* Work to complete
Go to the line holding "- 公式サイトにアクセス:O" in the data below and repeat it exactly, then each line after it up to and including the one holding "with an M14". Omit pictures.

* Extracted entries
-=-=-=-=-
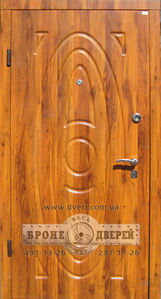 Стальные двери (бронедвери) отделкой МДФ панелями ламинированными( покрыты пластиком имитирующим дерево). Наличник из МДФ. Замок нижний CISA 57.685 с возможностью перекодировки ключа,. Ручка Armadilo Libra. . Замок верхний Azbe 8913. c броненакладкой М-5. Глазок латунный Италия. Петли упорноподшипниковые.
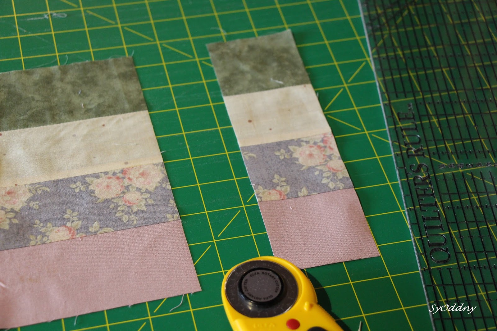 *QUILTE LINJAL; vanleg, avlang firkanta med 90 ° og 60 ° vinkel strek. (evt. «Hex N More»- linjalen, «Spider Web» – linjalen eller andre trekanta linjaler).
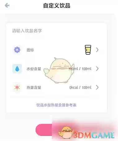 4、依次输入饮料名称,设置个性化图标、水分含量和热量数值等重要参数,最后点击完成按钮即可成功添加。
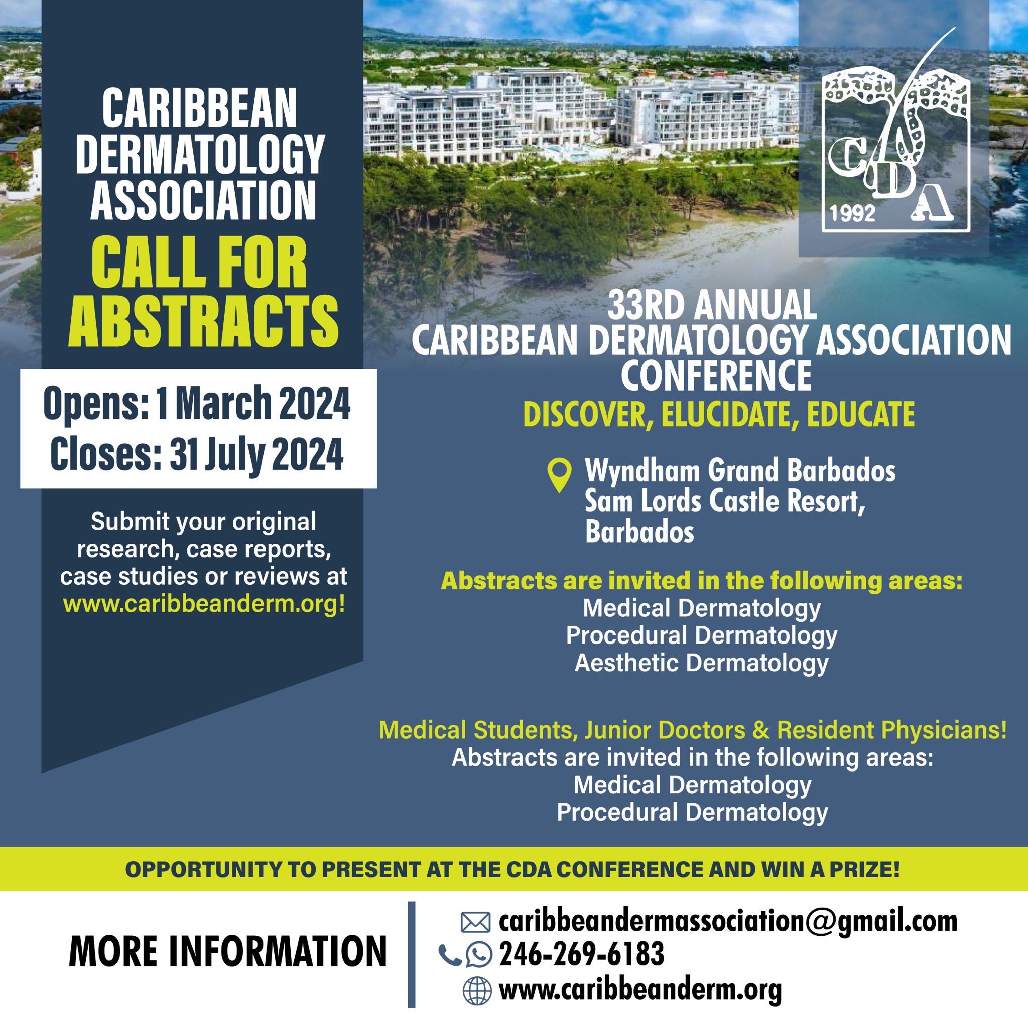 The Caribbean Dermatology Association is pleased to announce their annual conference at the Wyndham Grand Barbados Resort in Barbados, 6-9 November 2024. This conferene will feature dermatologists from all over the Caribbean with guest speakees from Canada and the UK. Topics will cover areas of medical, procedural and aesthetic dermatology with a brand new module in aesthetic dermatology being featured.
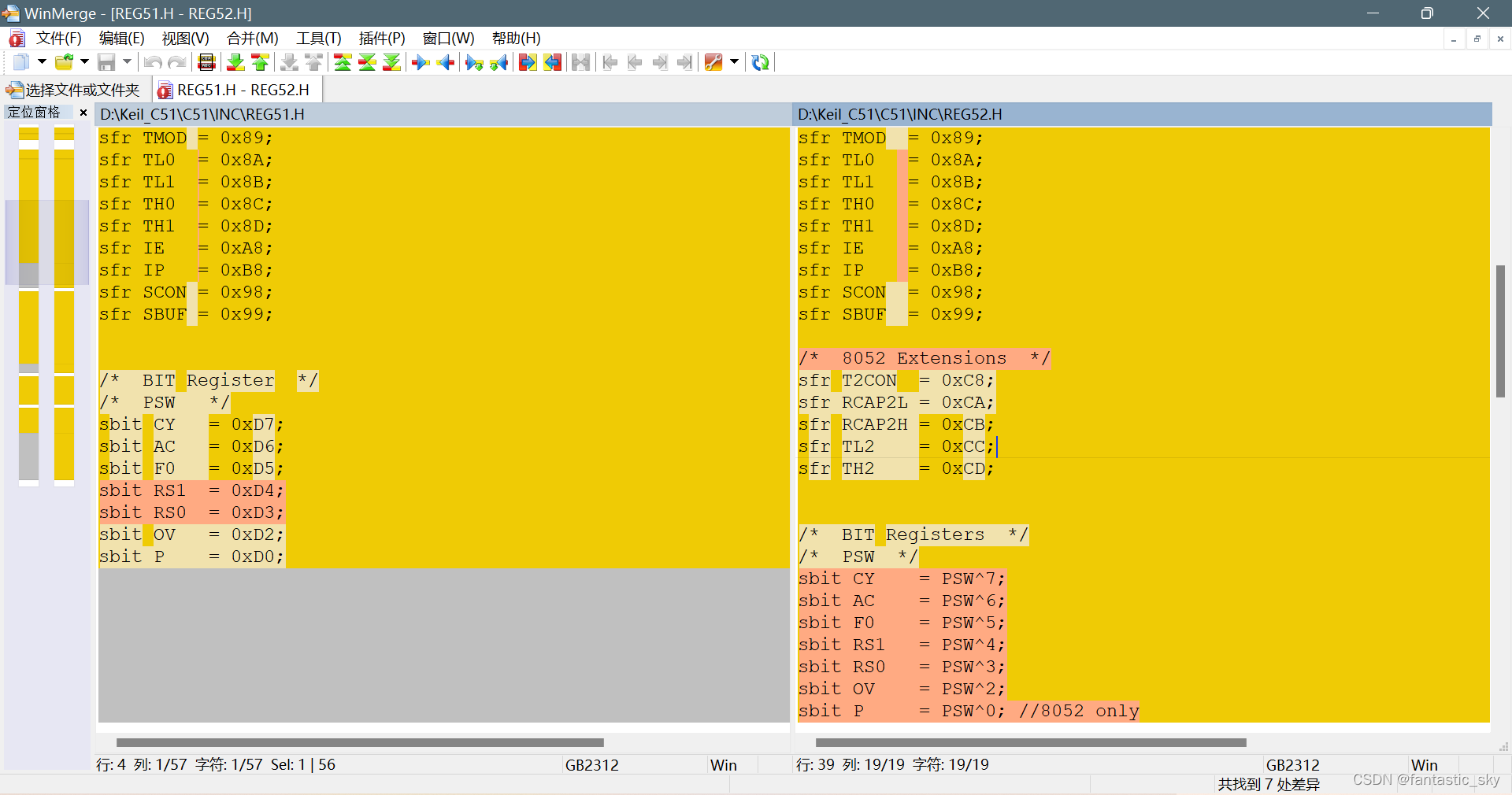通过WinMerge对比分析这两个文件,我们可以清晰地发现 REG52.h在REG51.h的基础上增加了对定时器/计数器T2相关寄存器的声明。也就是说,如果在程序中使用了定时器/计数器T2相关寄存器,#include<REG51.h>时就需要自行对相关寄存器声明,否则编译器就会报错。头文件REG52.h中已经对相关寄存器做出声明,在程序中可直接使用。
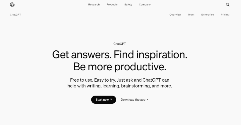 - 公式サイトにアクセス:OpenAIの公式サイト(https://www.openai.com)にアクセスします。
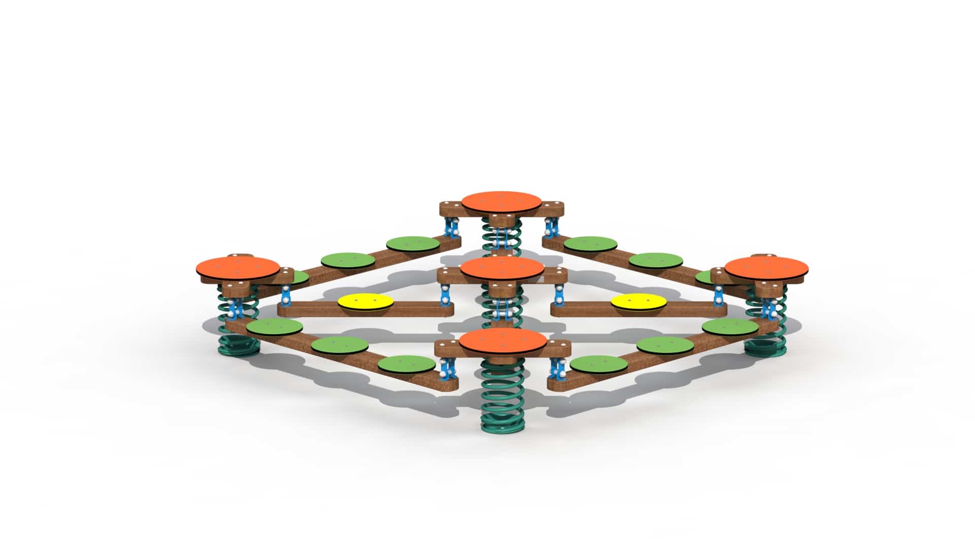 Veertoestel voor kinderen van 4 tot 15 jaar. Dit speeltoestel wordt in een vierkant geplaatst. De vier hoeken bestaan uit veren waarop ronde zittingen uit HDPE polyethyleen geplaatst worden. Ze worden met elkaar verbonden door middel van balken in padouk waarop telkens 3 ronde zittingen uit HDPE polyethyleen gemonteerd zijn. De balken worden zo gemonteerd dat ze lichtjes schommelen wanneer de kinderen erover lopen. Alle metalen onderdelen zijn roestvrij voorbehandeld en alle moeren en bouten zijn volledig afgeschermd met kunststof bloemvormige afdekdoppen. De veren worden met een gegalvaniseerd grondanker in de grond bevestigd.
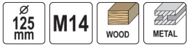 with an M14 spindle thread and a 125 mm disc diameter.
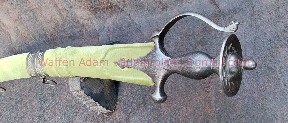 Bezogene Scheide aus lindgrünem Samt / Leder?, diese mit Metallabschluss und durchbrochenen Hängerbändern und Trageringen. Scheide schwergängig.
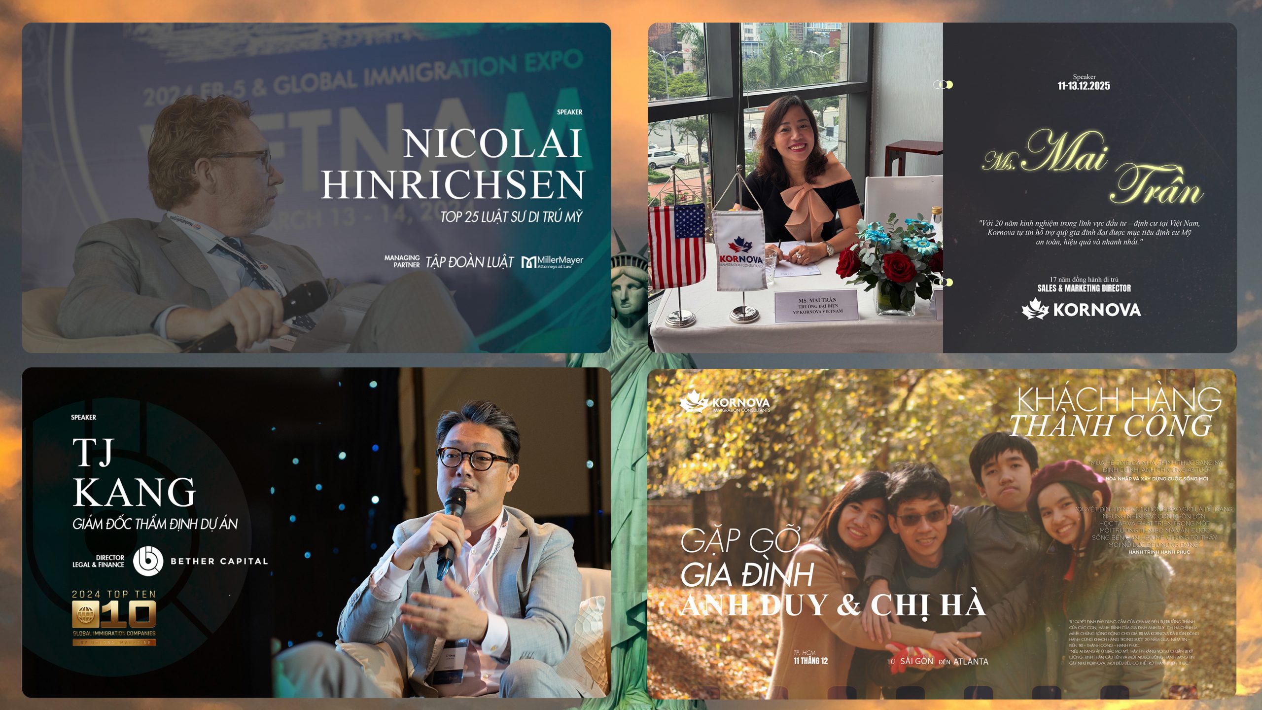 - Anh chị là khách hàng thành công của Kornova tham dự chia sẻ hành trình từ Sài Gòn đến Atlanta. Anh chị sẽ chia sẻ những câu chuyện thật, gần gũi và truyền cảm hứng từ quyết định thực hiện chương trình EB-5, cách thức hòa nhập cuộc sống, hành trình học tập, thích nghi của các con, kinh nghiệm thực tế giúp nhanh chóng an cư cho cả gia đình…
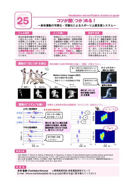 自分の身体の動きを正しく捉えることは、スポーツ動作を習得したり改善したりするうえでとても重要です。私たちは、どのように情報を与えれば運動の学習を促進できるのか、効果的な運動情報の提示(フィードバック)の仕方について研究しています。本研究では、運動の時間的・空間的特徴を直感的に把握しやすくするために、運動のポイントとなる「ばらつき」や「リズム」などを映像や音で可視化・可聴化し、運動のコツを掴みやすく提示する手法を提案しました。これらの手法は将来、スポーツシーンだけでなく、リハビリやエンターテイメントでの利用も期待されます。
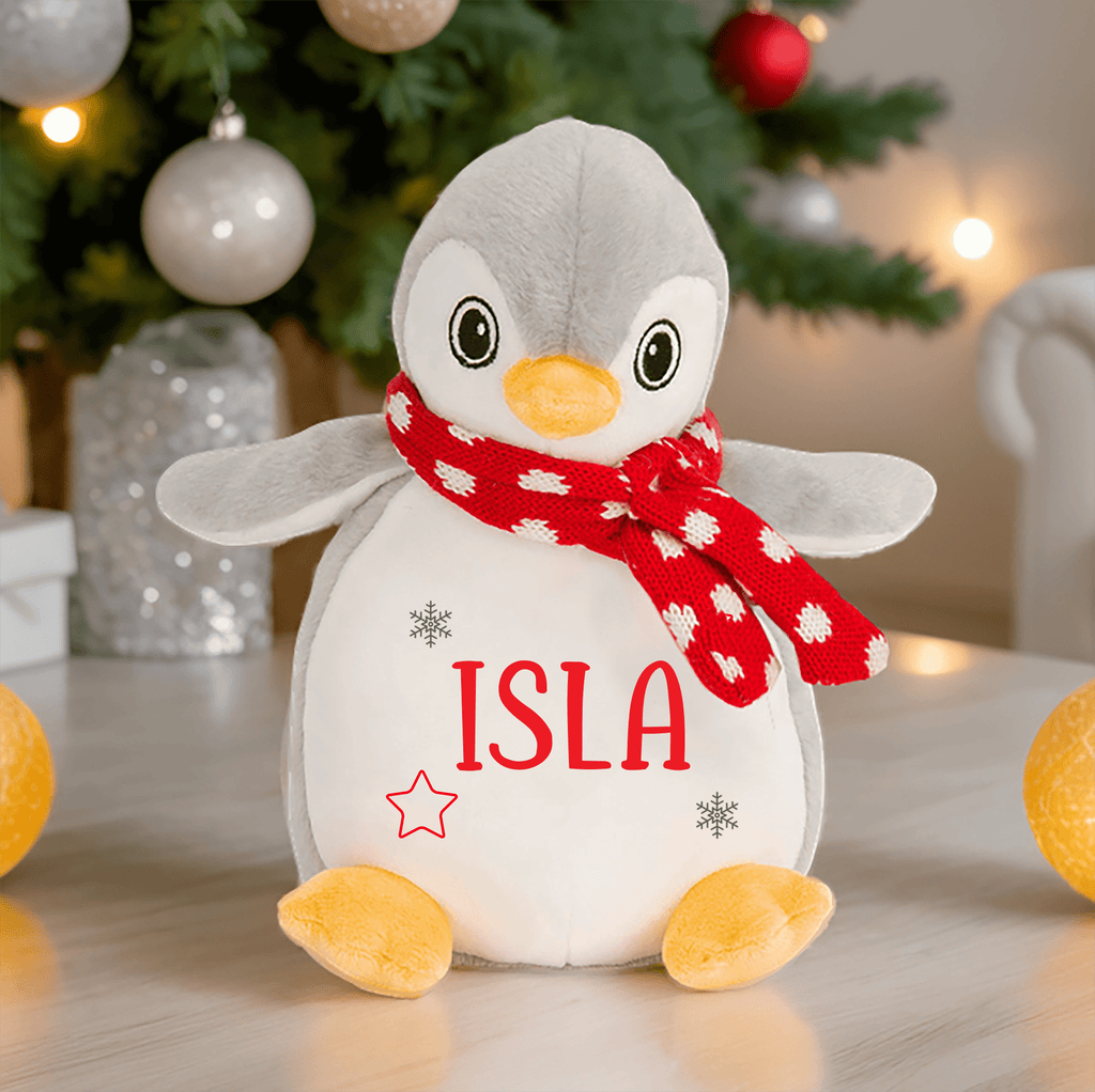Celebrate the magic of the season with this adorable Personalised Penguin Teddy, a soft and cuddly companion that’s perfect for children and festive décor alike. Each penguin features a professionally printed name design, making it a thoughtful gift for little ones or a charming addition to your Christmas display.
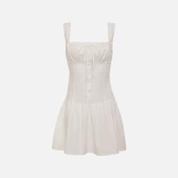 • 레트로 스테이지 White 1940s Solid Cotton Embroidered Lace Dress - White / S / 2
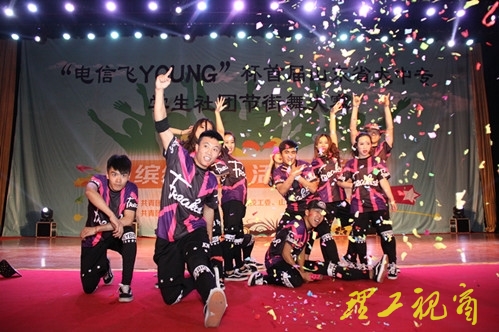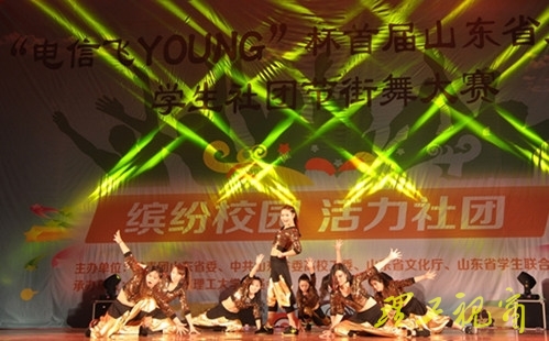 本网讯 “街”力梦想,舞动青春。5月10日至11日,由团省委、省委高校工委、省文化厅、省学生联合会主办,我校团委承办的“电信飞YOUNG”杯首届山东省大中专学生社团节街舞大赛在我校大学生艺术中心大礼堂隆重举行。校党委副书记谭秀森,团省委学校部干部、省学联副秘书长邹见及相关部门、学院负责人等领导嘉宾出席开幕式。来自全省26所高校的47支代表队,300余名大学生参加比赛。
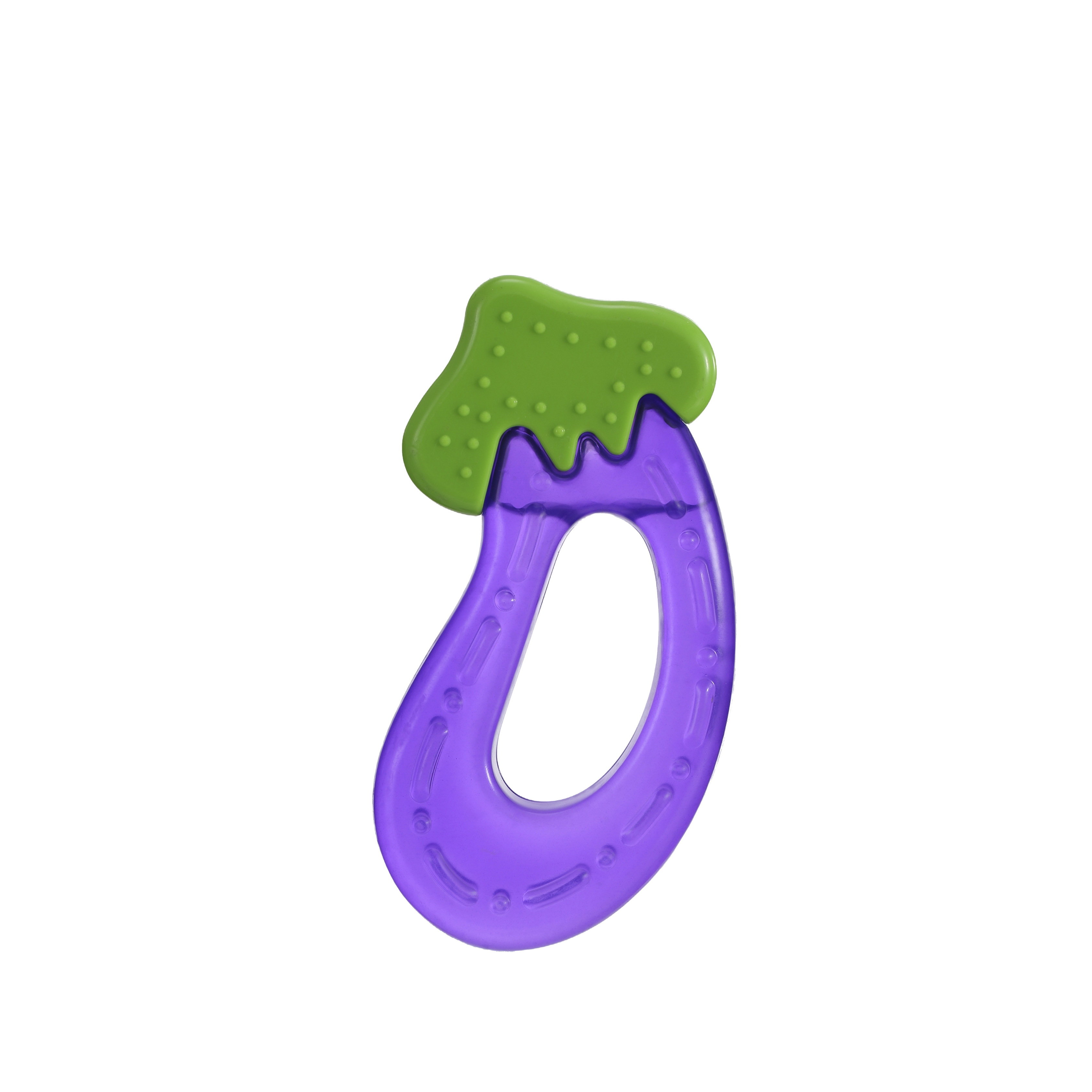 Fun Vegetable Design: Unique eggplant shape in bright purple and green, stimulating visual interest and encouraging chewing.
-=-=-=-=-
* Response
 - 公式サイトにアクセス:OpenAIの公式サイト(https://www.openai.com)にアクセスします。
 Veertoestel voor kinderen van 4 tot 15 jaar. Dit speeltoestel wordt in een vierkant geplaatst. De vier hoeken bestaan uit veren waarop ronde zittingen uit HDPE polyethyleen geplaatst worden. Ze worden met elkaar verbonden door middel van balken in padouk waarop telkens 3 ronde zittingen uit HDPE polyethyleen gemonteerd zijn. De balken worden zo gemonteerd dat ze lichtjes schommelen wanneer de kinderen erover lopen. Alle metalen onderdelen zijn roestvrij voorbehandeld en alle moeren en bouten zijn volledig afgeschermd met kunststof bloemvormige afdekdoppen. De veren worden met een gegalvaniseerd grondanker in de grond bevestigd.
 with an M14 spindle thread and a 125 mm disc diameter.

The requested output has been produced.